***** Records to use *****

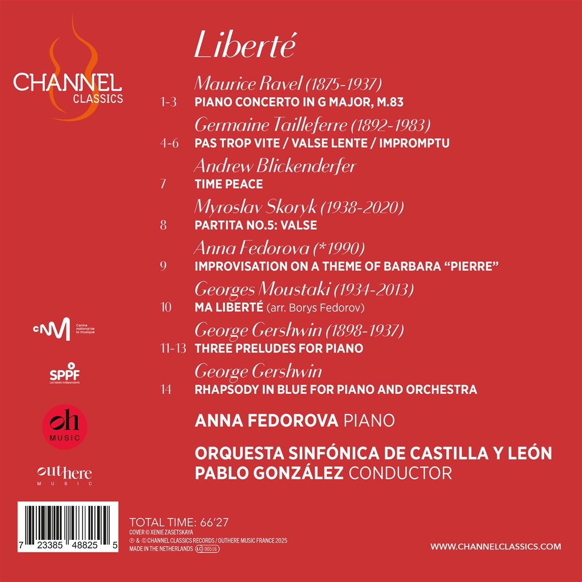 "LIberté", das neue Album der ukrainischen Pianistin Anna Fedorova, ist ein kultureller und musikalischer Dialog zwischen Frankreich und Amerika. Der Einfluss des Jazz spielt eine zentrale Rolle in dieser Hommage an französische und amerikanische Komponisten, deren Werke Genre- und Landesgrenzen überschreiten. Herzstück des Programms, das in Zusammenarbeit mit dem Orquesta Sinfónica de Castilla y León unter der Leitung von Pablo González eingespielt wurde, bilden Ravels Klavierkonzert in G-Dur und Gershwins „Rhapsody in Blue". Ergänzt wird das Programm durch kurze Solostücke, die die zentralen Themen des Albums aufgreifen: drei Miniaturen von Germaine Tailleferre, eine von Andrew Blickenderfer, sowie der jazzige „Valse“ aus der Partita Nr. 5 von Fedorovas Landsmann Myroslav Skoryk. Abgerundet wird „Liberté" durch zwei französische Chansons.
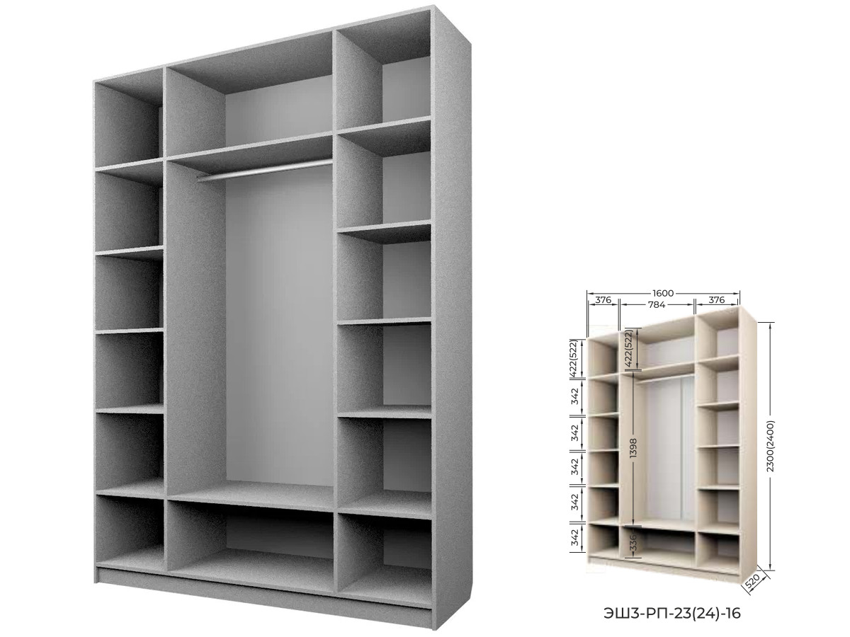 - Шкаф для Одежды Экон ЭШ3-РП-23-16 два зеркала
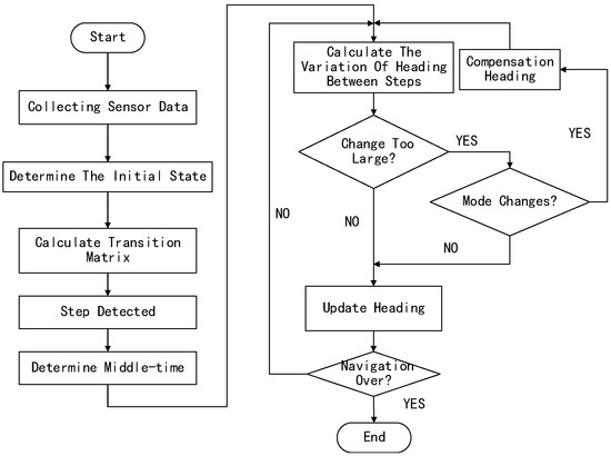 Based on the study of the relationship between three using-modes and the data of the smartphone, a new method to compensate the heading is proposed in this paper. The general process of this method is shown in Figure 6. A specific process has been divided into the four steps as mentioned below.
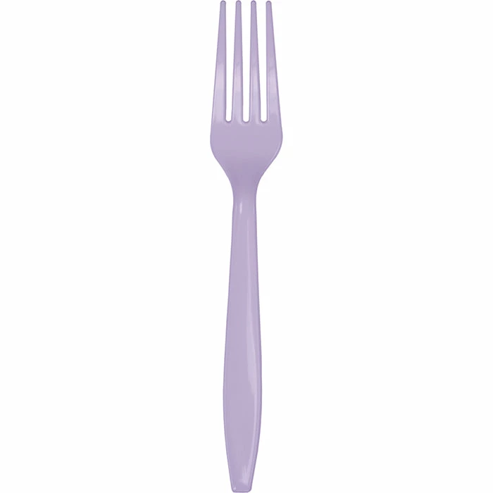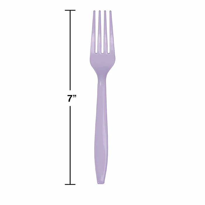 Details: Party planners, guests and restaurant patrons will find our wholesale Luscious Lavender Plastic Forks an excellent choice for their serving needs. Constructed from premium plastic, these heavy duty plastic forks are sturdy enough to handle the heartiest foods. These lavender forks look extra eye-catching when combined with our matching lavender cutlery or complementary purple plastic silverware. Sturdy and stylish, this wholesale disposable cutlery is perfect for event planners, restaurateurs, and party hosts looking for lavender cutlery. Use these heavy duty plastic forks with our other Luscious Lavender party supplies. For this price, you get one package containing (24) Luscious Lavender Purple Plastic Forks. Approximate Dimensions: 7 in
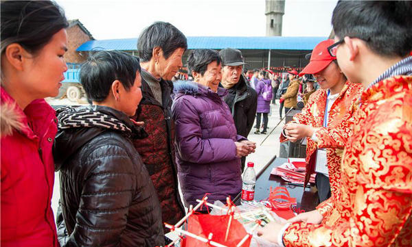多才多艺的他给大学生们现场表演了拉二胡、吹箫和空手劈鹅卵石等才艺,引得大学生们频频叫好。收到大学生送来的元宵和灯笼后,他现场书写了“学海无涯”四个大字送给学生们,并语重心长地说:“我用数码摄像机记录下了学生们表演节目的全过程,节目非常精彩,村里很需要这样健康的文化活动,今天很多每天以打麻将为娱乐活动的村民也过来看演出了。”
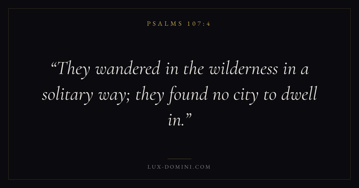 They wandered in the wilderness in a solitary way; they found no city to dwell in.

*****

# Brief:
The answer must be an exact restatement of all the records, with no pictures included.

# Answer to the exercise:
 "LIberté", das neue Album der ukrainischen Pianistin Anna Fedorova, ist ein kultureller und musikalischer Dialog zwischen Frankreich und Amerika. Der Einfluss des Jazz spielt eine zentrale Rolle in dieser Hommage an französische und amerikanische Komponisten, deren Werke Genre- und Landesgrenzen überschreiten. Herzstück des Programms, das in Zusammenarbeit mit dem Orquesta Sinfónica de Castilla y León unter der Leitung von Pablo González eingespielt wurde, bilden Ravels Klavierkonzert in G-Dur und Gershwins „Rhapsody in Blue". Ergänzt wird das Programm durch kurze Solostücke, die die zentralen Themen des Albums aufgreifen: drei Miniaturen von Germaine Tailleferre, eine von Andrew Blickenderfer, sowie der jazzige „Valse“ aus der Partita Nr. 5 von Fedorovas Landsmann Myroslav Skoryk. Abgerundet wird „Liberté" durch zwei französische Chansons.
 - Шкаф для Одежды Экон ЭШ3-РП-23-16 два зеркала
 Based on the study of the relationship between three using-modes and the data of the smartphone, a new method to compensate the heading is proposed in this paper. The general process of this method is shown in Figure 6. A specific process has been divided into the four steps as mentioned below.
 Details: Party planners, guests and restaurant patrons will find our wholesale Luscious Lavender Plastic Forks an excellent choice for their serving needs. Constructed from premium plastic, these heavy duty plastic forks are sturdy enough to handle the heartiest foods. These lavender forks look extra eye-catching when combined with our matching lavender cutlery or complementary purple plastic silverware. Sturdy and stylish, this wholesale disposable cutlery is perfect for event planners, restaurateurs, and party hosts looking for lavender cutlery. Use these heavy duty plastic forks with our other Luscious Lavender party supplies. For this price, you get one package containing (24) Luscious Lavender Purple Plastic Forks. Approximate Dimensions: 7 in
多才多艺的他给大学生们现场表演了拉二胡、吹箫和空手劈鹅卵石等才艺,引得大学生们频频叫好。收到大学生送来的元宵和灯笼后,他现场书写了“学海无涯”四个大字送给学生们,并语重心长地说:“我用数码摄像机记录下了学生们表演节目的全过程,节目非常精彩,村里很需要这样健康的文化活动,今天很多每天以打麻将为娱乐活动的村民也过来看演出了。”
 They wandered in the wilderness in a solitary way; they found no city to dwell in.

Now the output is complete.